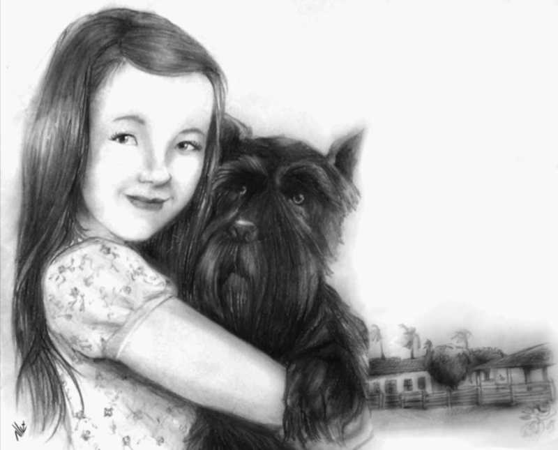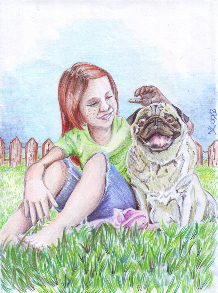 Desafio: Fazer uma ilustração realista de uma menina de aproximadamente 11 anos brincando com um cão. As características físicas e figurino de ambos ficarão a seu critério.
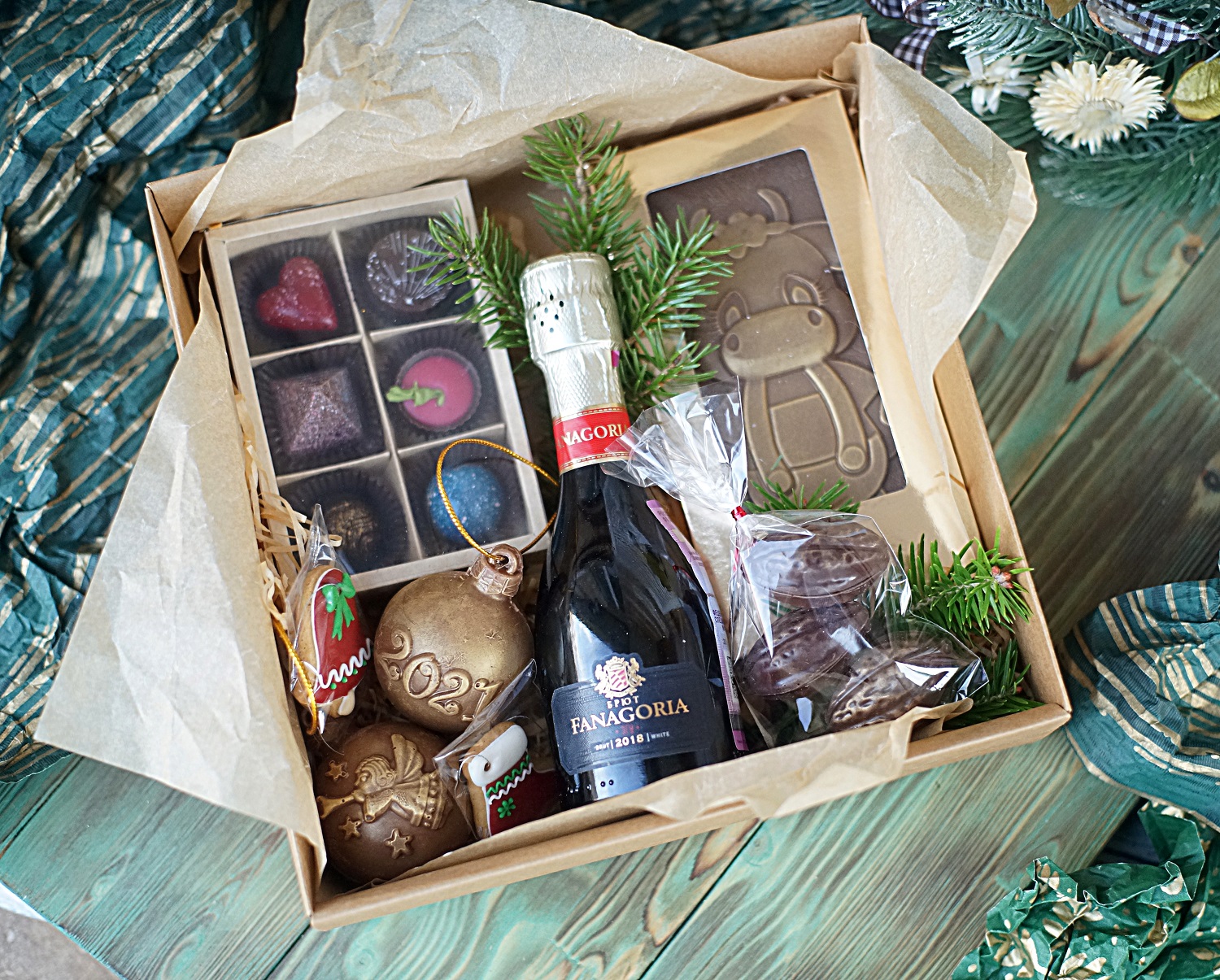 Мини-шампанское, плитка из бельгийского шоколада с бычком, два шоколадных шарика на елку, три орешка с пожеланиями, набор из 6 конфеток ассорти, имбирные пряники 2 шт, хвойный декор.
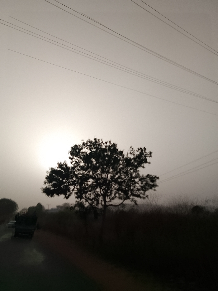 The image depicts a rural or semi-rural roadside scene in Mangu Halle, Nigeria, at either dawn or dusk. The sky, occupying the upper two-thirds of the frame, is a light grey, hazy expanse, traversed diagonally by approximately seven parallel utility lines. A strong, diffuse white light source, characteristic of a low sun, is positioned on the left horizon, partially obscured by a large, dark-silhouetted tree with a full canopy, located slightly left of the image center. To the right of this tree, dense, dark vegetation or tall grass occupies the mid-ground. In the lower-left quadrant, a dark, potentially wet, paved road is visible, extending diagonally into the mid-left background. A dark-colored truck, possibly a cargo vehicle, is present on the road in the mid-left, partially blurred, suggesting movement. Indistinct shapes of additional vehicles are visible further down the road behind the truck. The scene is characterized by strong contrasts between light and shadow, with elements in the foreground and mid-ground appearing as dark silhouettes against the brighter sky.
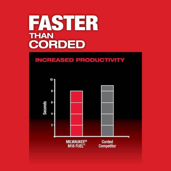 The M18 FUEL 1-1/2 in. Magnetic Drill drills faster than the number one corded competitor delivers the strongest magnetic hold on 1/4 in. steel providing a safer drilling environment in this material and drills over seventy-five 13/16 in. holes per charge. The M18 FUEL 1-1/2 in. Magnetic Drill delivers safer drilling on 1/4 in. steel by providing the industry's strongest holding force on this material. By utilizing permanent magnets the magnetic base operates without electricity ensuring that the magnet does not deactivate if the battery is drained. Equipped with Auto-Stop lift-off detection power to the motor is automatically cut if excess rotational motion is detected while drilling. Powered by a Milwaukee POWERSTATE Brushless Motor both drills are faster than their corded counterparts and deliver the same 1-1/2 in. annular cutter capacity. REDLINK PLIntelligence is the most advanced Electronic system on the market preventing damage to the tool and battery caused by overloading or overheating. The M18 REDLITHIUM 8.0 Battery Pack delivers up to 5X more run time 35% more power and runs 60% cooler than standard 18-Volt lithium-ion batteries. It maintains full power and runs substantially cooler through heavy applications allowing users to push their cordless tools harder and longer than ever before.
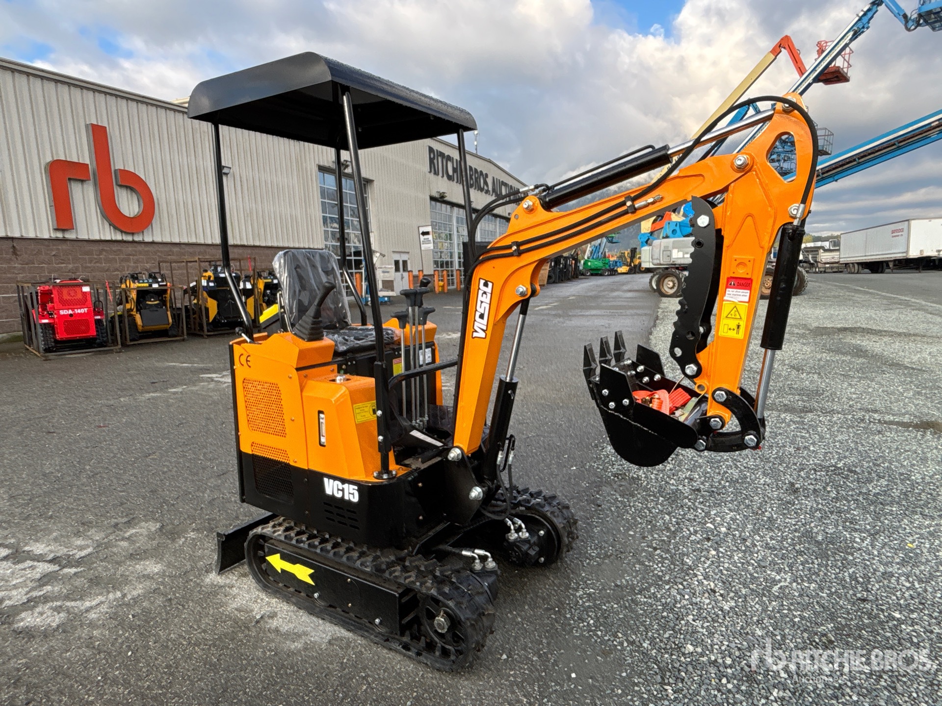 2025 US EPA Label, 3 ft 2 in Stick, Auxiliary Hydraulic Plumbing, Backfill Blade, 7 in Rubber Tracks, 16 in Digging Bucket, Manual Thumb, Product images displayed are stock photos. Item is new/unused.

========================================

TASK PROMPT: Drop the pictures and set down the data above exactly.

ANSWER SPACE:
 Desafio: Fazer uma ilustração realista de uma menina de aproximadamente 11 anos brincando com um cão. As características físicas e figurino de ambos ficarão a seu critério.
 Мини-шампанское, плитка из бельгийского шоколада с бычком, два шоколадных шарика на елку, три орешка с пожеланиями, набор из 6 конфеток ассорти, имбирные пряники 2 шт, хвойный декор.
 The image depicts a rural or semi-rural roadside scene in Mangu Halle, Nigeria, at either dawn or dusk. The sky, occupying the upper two-thirds of the frame, is a light grey, hazy expanse, traversed diagonally by approximately seven parallel utility lines. A strong, diffuse white light source, characteristic of a low sun, is positioned on the left horizon, partially obscured by a large, dark-silhouetted tree with a full canopy, located slightly left of the image center. To the right of this tree, dense, dark vegetation or tall grass occupies the mid-ground. In the lower-left quadrant, a dark, potentially wet, paved road is visible, extending diagonally into the mid-left background. A dark-colored truck, possibly a cargo vehicle, is present on the road in the mid-left, partially blurred, suggesting movement. Indistinct shapes of additional vehicles are visible further down the road behind the truck. The scene is characterized by strong contrasts between light and shadow, with elements in the foreground and mid-ground appearing as dark silhouettes against the brighter sky.
 The M18 FUEL 1-1/2 in. Magnetic Drill drills faster than the number one corded competitor delivers the strongest magnetic hold on 1/4 in. steel providing a safer drilling environment in this material and drills over seventy-five 13/16 in. holes per charge. The M18 FUEL 1-1/2 in. Magnetic Drill delivers safer drilling on 1/4 in. steel by providing the industry's strongest holding force on this material. By utilizing permanent magnets the magnetic base operates without electricity ensuring that the magnet does not deactivate if the battery is drained. Equipped with Auto-Stop lift-off detection power to the motor is automatically cut if excess rotational motion is detected while drilling. Powered by a Milwaukee POWERSTATE Brushless Motor both drills are faster than their corded counterparts and deliver the same 1-1/2 in. annular cutter capacity. REDLINK PLIntelligence is the most advanced Electronic system on the market preventing damage to the tool and battery caused by overloading or overheating. The M18 REDLITHIUM 8.0 Battery Pack delivers up to 5X more run time 35% more power and runs 60% cooler than standard 18-Volt lithium-ion batteries. It maintains full power and runs substantially cooler through heavy applications allowing users to push their cordless tools harder and longer than ever before.
 2025 US EPA Label, 3 ft 2 in Stick, Auxiliary Hydraulic Plumbing, Backfill Blade, 7 in Rubber Tracks, 16 in Digging Bucket, Manual Thumb, Product images displayed are stock photos. Item is new/unused.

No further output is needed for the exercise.